__Supplied information__.
# # # # #

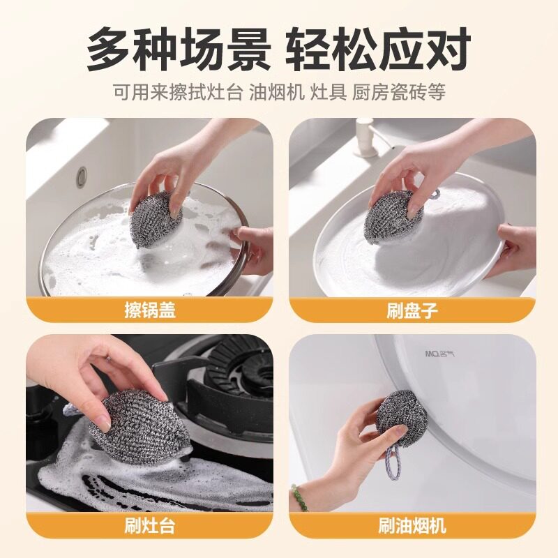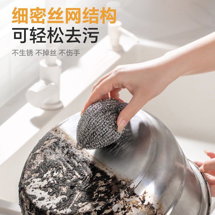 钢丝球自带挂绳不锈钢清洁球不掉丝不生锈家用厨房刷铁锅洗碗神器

# # # # #

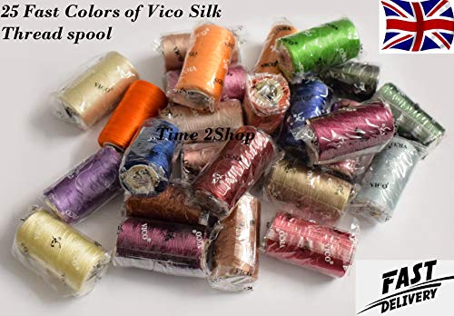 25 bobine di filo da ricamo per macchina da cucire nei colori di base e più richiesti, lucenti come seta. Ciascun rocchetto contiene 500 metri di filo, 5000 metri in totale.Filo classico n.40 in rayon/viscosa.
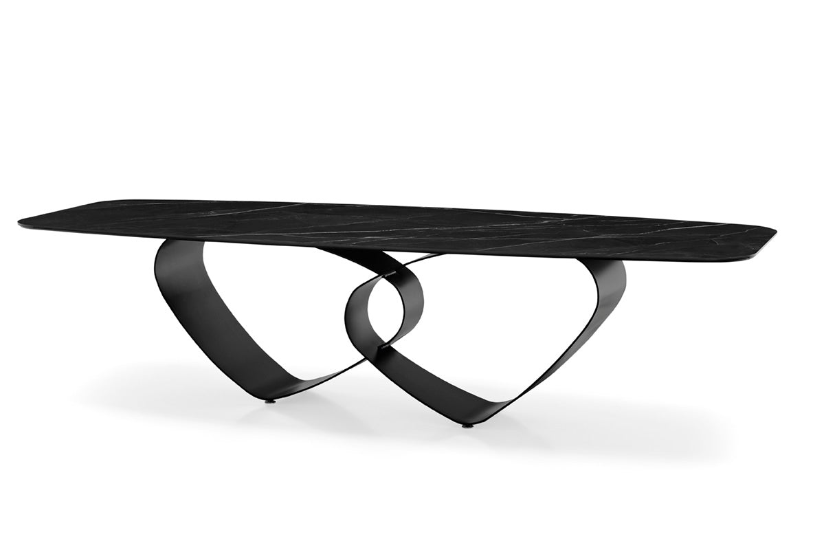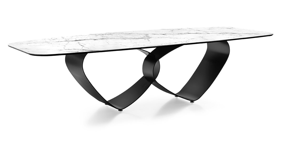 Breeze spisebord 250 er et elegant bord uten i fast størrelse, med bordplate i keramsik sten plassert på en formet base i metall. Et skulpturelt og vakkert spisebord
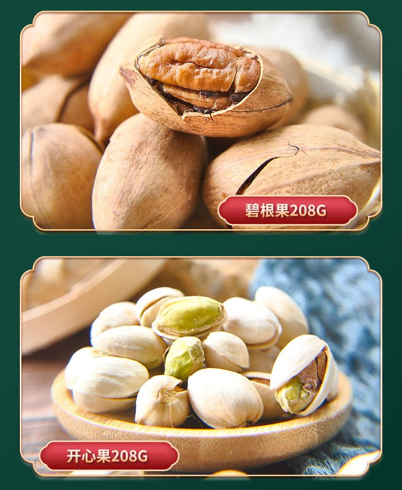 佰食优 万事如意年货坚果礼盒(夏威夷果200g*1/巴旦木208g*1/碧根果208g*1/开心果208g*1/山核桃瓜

# # # # #

__The problem__.
For this exercise, reproduce exactly the lines of the records above from the one with "25 bobine di" up to and including the one with "佰食优 万事如意年货坚果礼盒", without pictures.

__Result for this task__.
 25 bobine di filo da ricamo per macchina da cucire nei colori di base e più richiesti, lucenti come seta. Ciascun rocchetto contiene 500 metri di filo, 5000 metri in totale.Filo classico n.40 in rayon/viscosa.
 Breeze spisebord 250 er et elegant bord uten i fast størrelse, med bordplate i keramsik sten plassert på en formet base i metall. Et skulpturelt og vakkert spisebord
 佰食优 万事如意年货坚果礼盒(夏威夷果200g*1/巴旦木208g*1/碧根果208g*1/开心果208g*1/山核桃瓜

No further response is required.